ABOUT THIS EXERCISE: Once the pictures are removed, reproduce what is left of the data below exactly.

DATA SEGMENT:
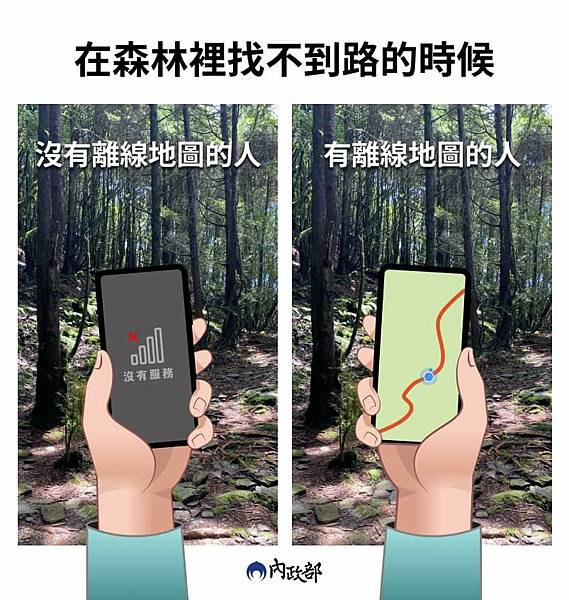 面對未知的天氣及不熟悉的路況,如果沒有熟門熟路的登山嚮導與自己相伴而行,就有可能發生可怕的野外迷航,建議民眾登山之前要先了解自己要走的步道路線,並善用「離線地圖APP」,將登山路線的地圖資訊下載好,以備在山裡面收不到訊號時,手機打開來還是可以看到地圖資訊。
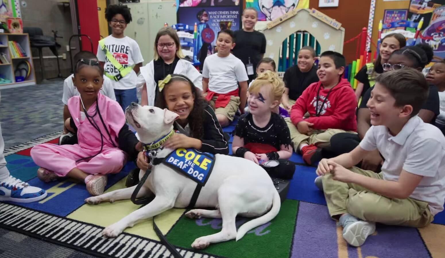 それからコールは、同州ヴィンランド市のドクター・ウィリアム・メニーズ小学校に勤務するハンナさんと共に活動を開始。手話に反応するセラピードッグとして、子どもたちの心を支える存在に。
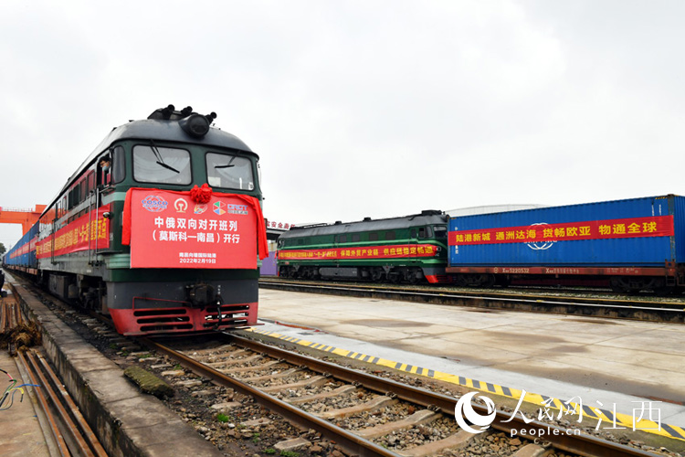 2月19日,2022年江西省首列中俄雙向對開班列(南昌—莫斯科)在南昌向塘國際陸港成功到發(fā)?!皩﹂_班列”的開行將大大提高集裝箱周轉效率,降低企業(yè)運輸成本。 人民網 時雨攝
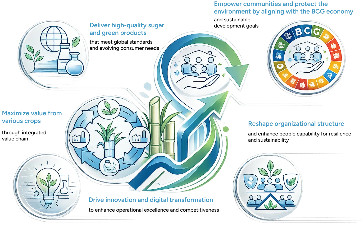 Deliver high-quality sugar and green products that meet global standards and evolving consumer needs

SOLVED EXERCISE:
 面對未知的天氣及不熟悉的路況,如果沒有熟門熟路的登山嚮導與自己相伴而行,就有可能發生可怕的野外迷航,建議民眾登山之前要先了解自己要走的步道路線,並善用「離線地圖APP」,將登山路線的地圖資訊下載好,以備在山裡面收不到訊號時,手機打開來還是可以看到地圖資訊。
 それからコールは、同州ヴィンランド市のドクター・ウィリアム・メニーズ小学校に勤務するハンナさんと共に活動を開始。手話に反応するセラピードッグとして、子どもたちの心を支える存在に。
 2月19日,2022年江西省首列中俄雙向對開班列(南昌—莫斯科)在南昌向塘國際陸港成功到發(fā)?!皩﹂_班列”的開行將大大提高集裝箱周轉效率,降低企業(yè)運輸成本。 人民網 時雨攝
 Deliver high-quality sugar and green products that meet global standards and evolving consumer needs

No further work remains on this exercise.